◆ **Dataset extract**
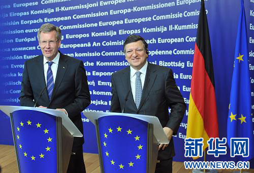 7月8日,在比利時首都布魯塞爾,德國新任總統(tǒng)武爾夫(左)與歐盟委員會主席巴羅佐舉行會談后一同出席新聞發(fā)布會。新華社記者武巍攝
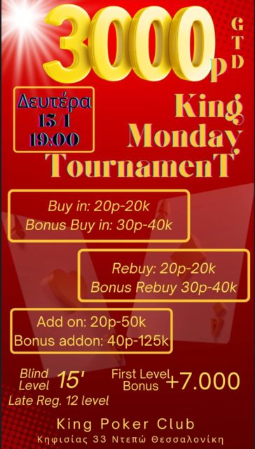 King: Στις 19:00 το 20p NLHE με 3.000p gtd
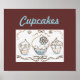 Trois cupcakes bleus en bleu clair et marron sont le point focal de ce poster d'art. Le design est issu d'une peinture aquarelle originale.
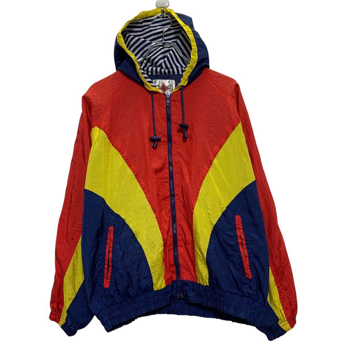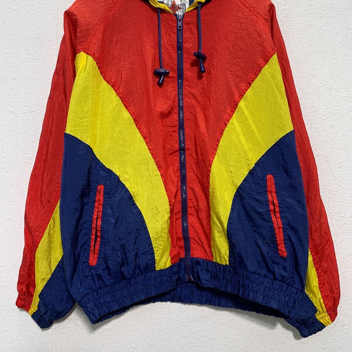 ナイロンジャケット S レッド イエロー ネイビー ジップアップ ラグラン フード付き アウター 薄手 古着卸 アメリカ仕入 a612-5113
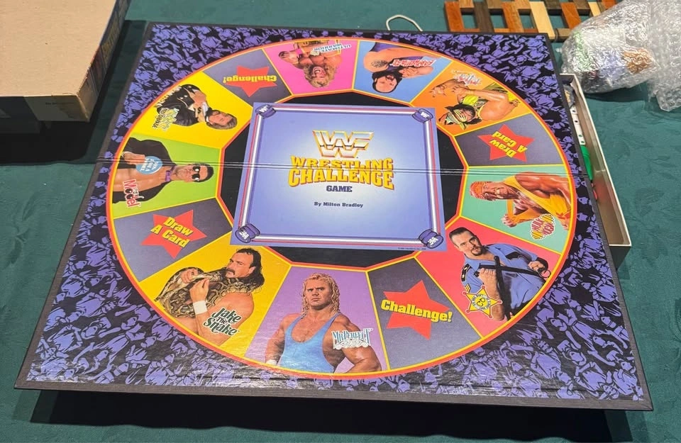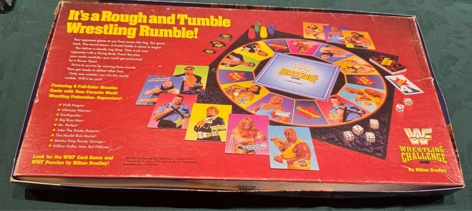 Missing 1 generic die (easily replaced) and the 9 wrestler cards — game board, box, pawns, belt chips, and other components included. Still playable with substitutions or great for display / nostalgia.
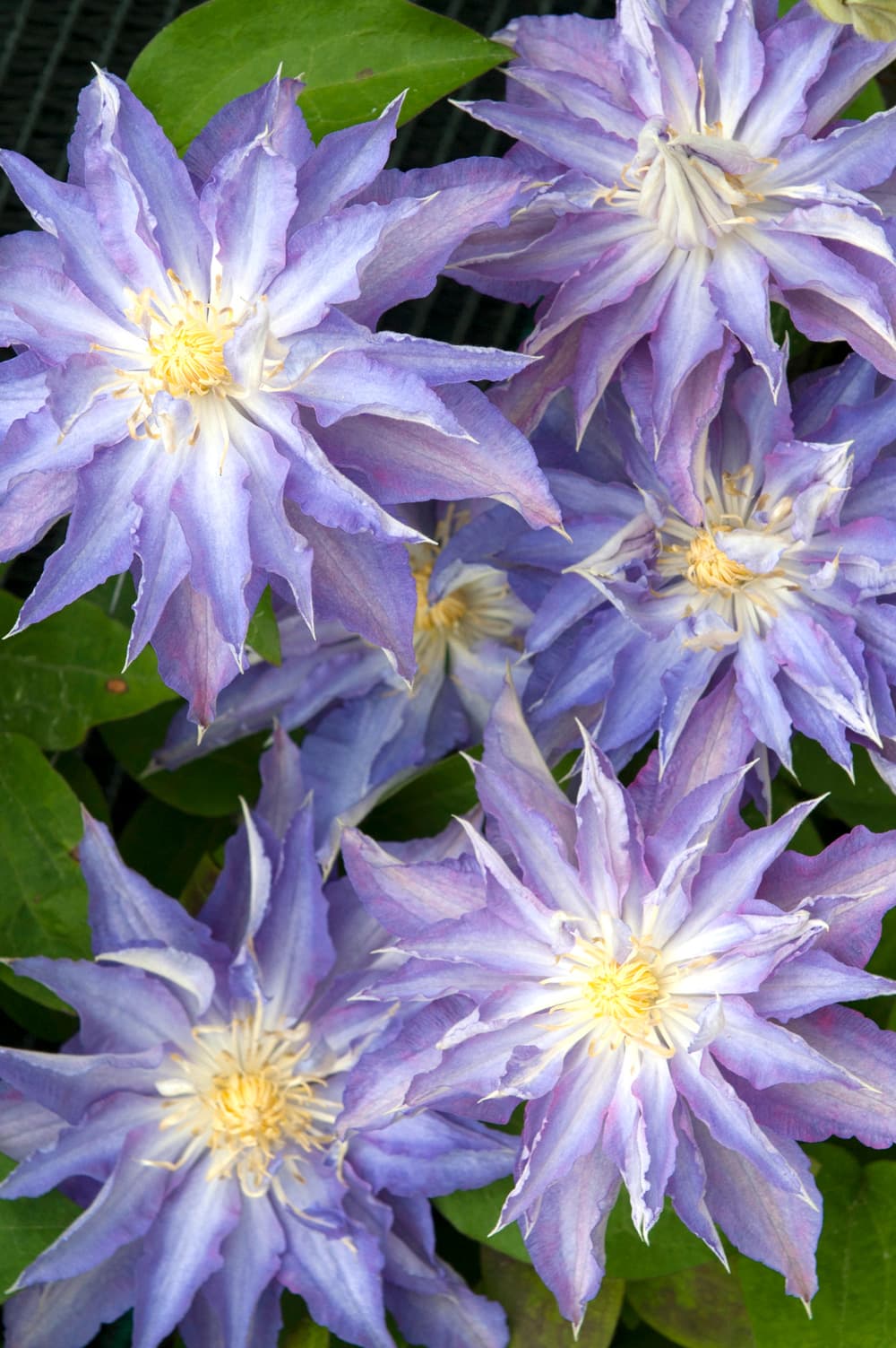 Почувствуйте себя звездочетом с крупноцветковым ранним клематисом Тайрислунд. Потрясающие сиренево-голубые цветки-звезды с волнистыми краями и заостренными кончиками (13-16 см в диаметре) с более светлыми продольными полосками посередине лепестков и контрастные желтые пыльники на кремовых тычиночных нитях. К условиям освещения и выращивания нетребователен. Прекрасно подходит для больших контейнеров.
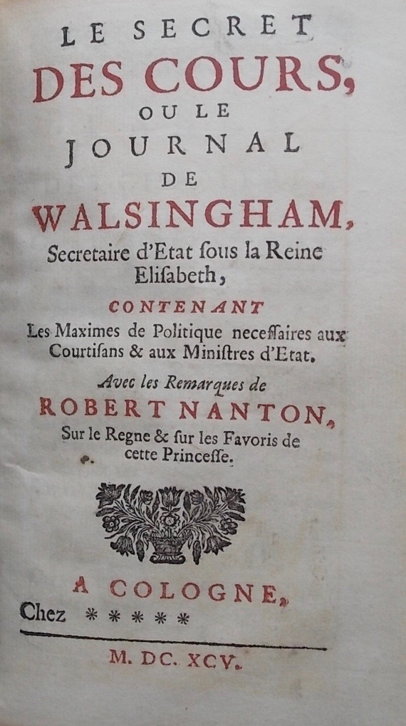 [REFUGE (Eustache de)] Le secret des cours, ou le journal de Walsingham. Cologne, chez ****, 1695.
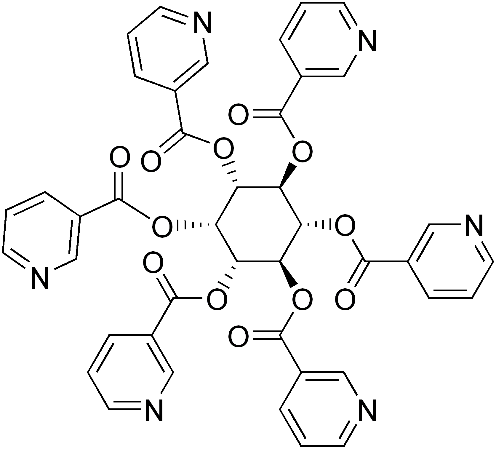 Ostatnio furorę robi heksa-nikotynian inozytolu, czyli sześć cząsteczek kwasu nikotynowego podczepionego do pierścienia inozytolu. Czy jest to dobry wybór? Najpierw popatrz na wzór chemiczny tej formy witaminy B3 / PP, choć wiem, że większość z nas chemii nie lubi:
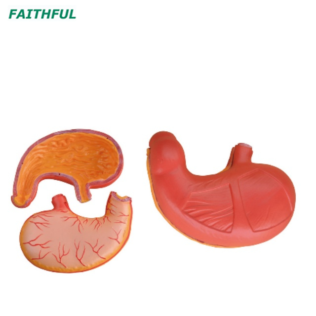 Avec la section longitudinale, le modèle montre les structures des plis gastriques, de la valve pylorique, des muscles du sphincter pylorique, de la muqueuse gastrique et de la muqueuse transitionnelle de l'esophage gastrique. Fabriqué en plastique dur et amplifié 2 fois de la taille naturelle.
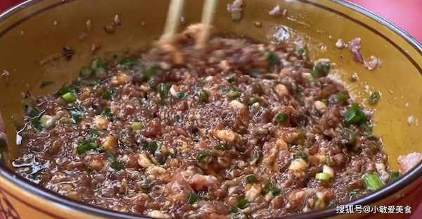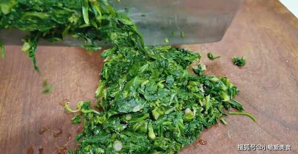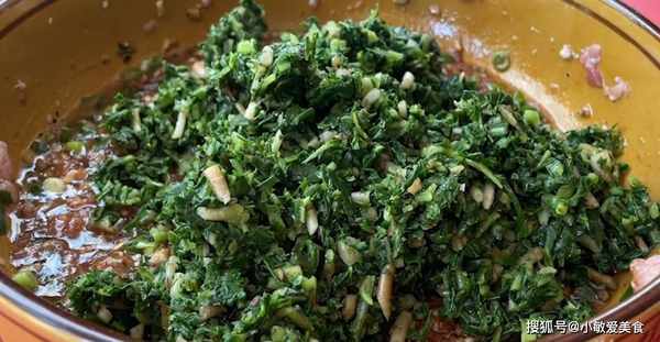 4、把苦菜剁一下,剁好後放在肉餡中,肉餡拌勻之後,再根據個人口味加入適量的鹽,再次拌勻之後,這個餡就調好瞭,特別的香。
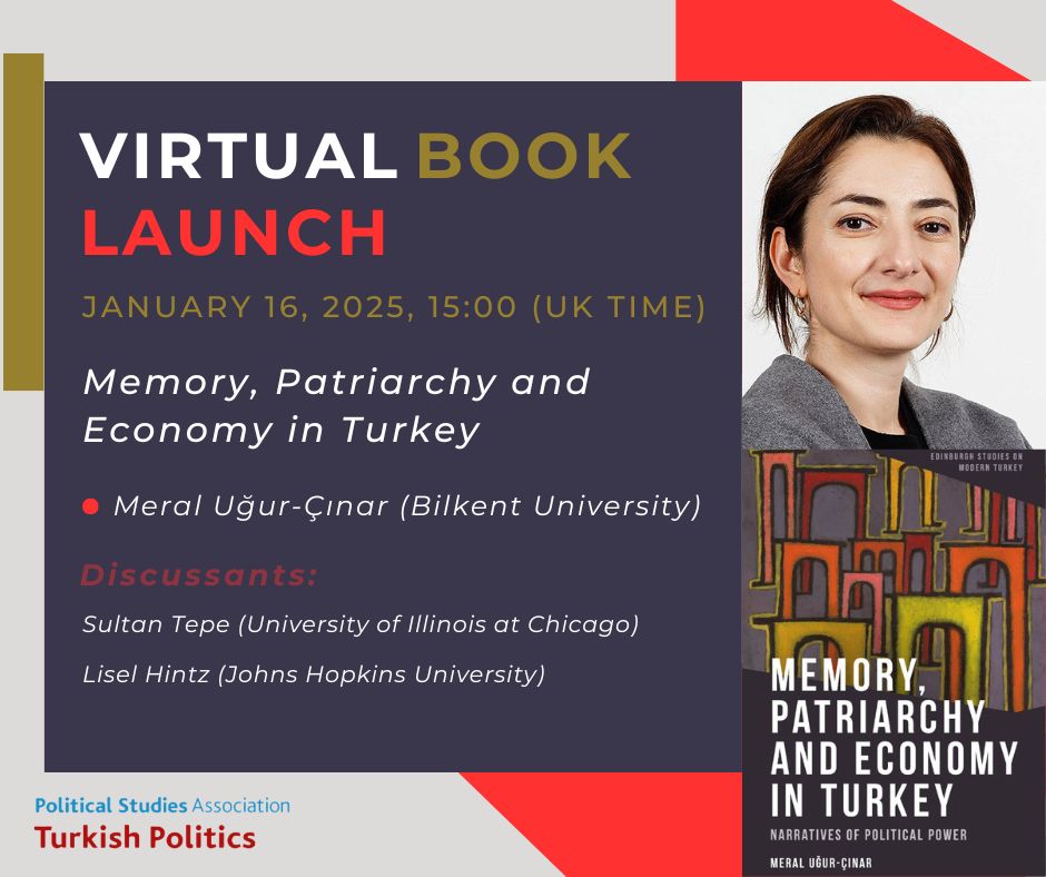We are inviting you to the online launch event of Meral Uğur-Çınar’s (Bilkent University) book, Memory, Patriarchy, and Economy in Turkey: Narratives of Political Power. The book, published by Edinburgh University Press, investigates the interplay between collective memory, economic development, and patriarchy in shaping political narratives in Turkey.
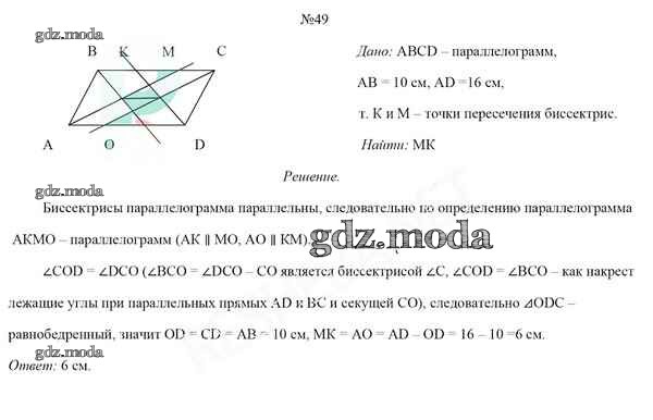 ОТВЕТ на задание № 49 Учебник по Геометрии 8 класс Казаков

◆ **What is being asked**
Reproduce all of the entries word for word, skipping any pictures they hold.

◆ **Answer for this exercise**
 7月8日,在比利時首都布魯塞爾,德國新任總統(tǒng)武爾夫(左)與歐盟委員會主席巴羅佐舉行會談后一同出席新聞發(fā)布會。新華社記者武巍攝
 King: Στις 19:00 το 20p NLHE με 3.000p gtd
 Trois cupcakes bleus en bleu clair et marron sont le point focal de ce poster d'art. Le design est issu d'une peinture aquarelle originale.
 ナイロンジャケット S レッド イエロー ネイビー ジップアップ ラグラン フード付き アウター 薄手 古着卸 アメリカ仕入 a612-5113
 Missing 1 generic die (easily replaced) and the 9 wrestler cards — game board, box, pawns, belt chips, and other components included. Still playable with substitutions or great for display / nostalgia.
 Почувствуйте себя звездочетом с крупноцветковым ранним клематисом Тайрислунд. Потрясающие сиренево-голубые цветки-звезды с волнистыми краями и заостренными кончиками (13-16 см в диаметре) с более светлыми продольными полосками посередине лепестков и контрастные желтые пыльники на кремовых тычиночных нитях. К условиям освещения и выращивания нетребователен. Прекрасно подходит для больших контейнеров.
 [REFUGE (Eustache de)] Le secret des cours, ou le journal de Walsingham. Cologne, chez ****, 1695.
 Ostatnio furorę robi heksa-nikotynian inozytolu, czyli sześć cząsteczek kwasu nikotynowego podczepionego do pierścienia inozytolu. Czy jest to dobry wybór? Najpierw popatrz na wzór chemiczny tej formy witaminy B3 / PP, choć wiem, że większość z nas chemii nie lubi:
 Avec la section longitudinale, le modèle montre les structures des plis gastriques, de la valve pylorique, des muscles du sphincter pylorique, de la muqueuse gastrique et de la muqueuse transitionnelle de l'esophage gastrique. Fabriqué en plastique dur et amplifié 2 fois de la taille naturelle.
 4、把苦菜剁一下,剁好後放在肉餡中,肉餡拌勻之後,再根據個人口味加入適量的鹽,再次拌勻之後,這個餡就調好瞭,特別的香。
We are inviting you to the online launch event of Meral Uğur-Çınar’s (Bilkent University) book, Memory, Patriarchy, and Economy in Turkey: Narratives of Political Power. The book, published by Edinburgh University Press, investigates the interplay between collective memory, economic development, and patriarchy in shaping political narratives in Turkey.
 ОТВЕТ на задание № 49 Учебник по Геометрии 8 класс Казаков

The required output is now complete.